Replace $c$ with $d$ in the figure. I'm trying to evaluate the integral
$\begin{equation}
\mathcal{I}=\int_{-d}^{d}\int_{-d}^{d}\exp\left(-ax^2-bxy-cy^2\right)dxdy
\end{equation}$
If I use polar coordinates transformation,
$x=r\cos x,$ $y=r\sin y,$ we have four double integrals to evaluate over the regions
$\begin{equation}
\theta\in [0,\frac{\pi}{4}], \theta\in (\frac{\pi}{4},\frac{\pi}{2}],…,\theta\in (\frac{7\pi}{4},2\pi].
\end{equation}$ Note that the the region in the second quadrant will yield the same result as the fourth quadrant region.
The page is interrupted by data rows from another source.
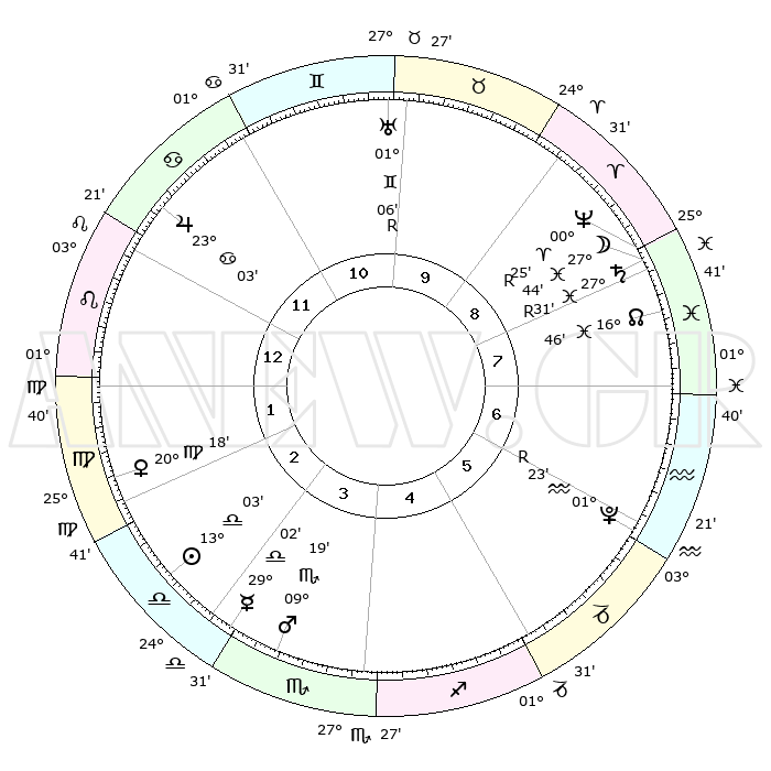 | ΘΕΣΕΙΣ ΠΛΑΝΗΤΩΝ ΑΣΤΡΟΛΟΓΙΚΟΥ ΧΑΡΤΗ ΤΗΣ ΣΤΙΓΜΗΣ ΑΥΤΗΣ | | Πλανήτης | Ζώδιο | Μοίρες | Δεκαήμ. | Σε οίκο | Απόκλιση | | Ακμές των οίκων | Ηλιος | Ζυγός | 12°58' | Δεύτερο | 3 | 05 S 07 | | 1ος | 08°31' | Λέων | Σελήνη | Ιχθείς | 26°34' | Τρίτο | 9 | 00 S 40 | | 2ος | 00°12' | Παρθένος | Ερμής | Ζυγός | 28°55' | Τρίτο | 4 | 11 S 44 | | 3ος | 26°24' | Παρθένος | Αφροδίτη | Παρθένος | 20°12' | Τρίτο | 2 | 05 N 10 | | 4ος | 28°21' | Ζυγός | Αρης | Σκορπιός | 09°16' | Πρώτο | 4 | 14 S 42 | | 5ος | 04°03' | Τοξότης | Δίας | Καρκίνος | 23°03' | Τρίτο | 12 | 21 N 30 | | 6ος | 08°25' | Αιγόκερως | Κρόνος | Ιχθείς | 27°31'R | Τρίτο | 9 | 03 S 17 | | 7ος | 08°31' | Υδροχόος | Ουρανός | Δίδυμοι | 01°06'R | Πρώτο | 10 | 20 N 10 | | 8ος | 00°12' | Ιχθείς | Ποσειδώνας | Κριός | 00°25'R | Πρώτο | 9 | 01 S 06 | | 9ος | 26°24' | Ιχθείς | Πλούτωνας | Υδροχόος | 01°23'R | Πρώτο | 6 | 23 S 32 | | 10ος | 28°21' | Κριός | Β. Δεσμός | Ιχθείς | 16°47' | Δεύτερο | 8 | 05 S 13 | | 11ος | 04°03' | Δίδυμοι | Ωροσκόπος | Λέων | 08°31' | Πρώτο | | | 12ος | 08°25' | Καρκίνος | Μεσουράνημα | Κριός | 28°21' | Τρίτο | | | |
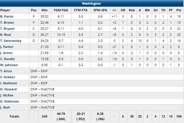 De quoi rester sur les talons des Warriors, toujours 1ers à l’Ouest grâce au tiebreaker. Bradley Beal a terminé à 25 points (10/19, 8 passes) dans ce match pour les Wizards (3ème défaite d’affilée), devant Thomas Bryant et ses 22 points pour sa première titularisation en un mois et Tomas Satoransky et ses 16 points et 10 passes. Après que les deux équipes aient lâché des avances de 10 points dans le 3ème quart-temps, Denver est repassé à +10 en début de 4ème quart.
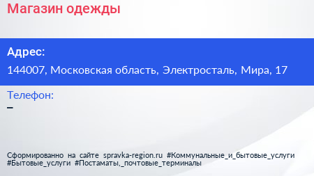 Магазин одежды по адресу 144007, Московская область, Электросталь, Мира, 17 в дальнейшем Организация, размещена в следующих категориях:
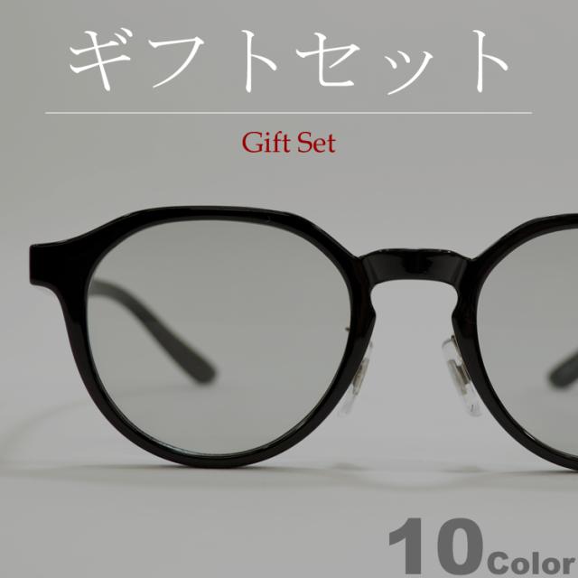 【ギフトセット】 サングラス 伊達メガネ メンズ レディース ボストン ラウンド 丸メガネ クラウンパント ライトカラーレンズ 薄い色 グレー スモーク ブラック ブルー グリーン オリーブ デミ ブラウン クリアーフレーム 全10色

The integral setup for half of the first quadrant is
$\begin{equation}
\mathcal{I}_{1}=\int_{0}^{\frac{\pi}{4}}d\theta\int_{0}^{\frac{d}{\cos \theta}}r\exp\left(-ar^2\cos^2\theta-br^2\sin\theta\cos\theta-cr^2\sin^2\theta\right)dr
\end{equation}$
I would appreciate approximate analytical expressions
]
Best Answer
I do not know what polar coordinates would give since you did not show your results and attempts.
As it is, we can compute the inner integral (this is the gaussian integral) and face the problem of $$\frac{\sqrt{\pi }}{2 \sqrt{a}}\int_{-d}^{+d}e^{\frac{ \left(b^2-4 a c\right)}{4 a}y^2} \left(\text{erf}\left(\frac{2 a d-b y}{2 \sqrt{a}}\right)+\text{erf}\left(\frac{2 a d+b y}{2 \sqrt{a}}\right)\right)\,dy$$ which does not seem to be possible.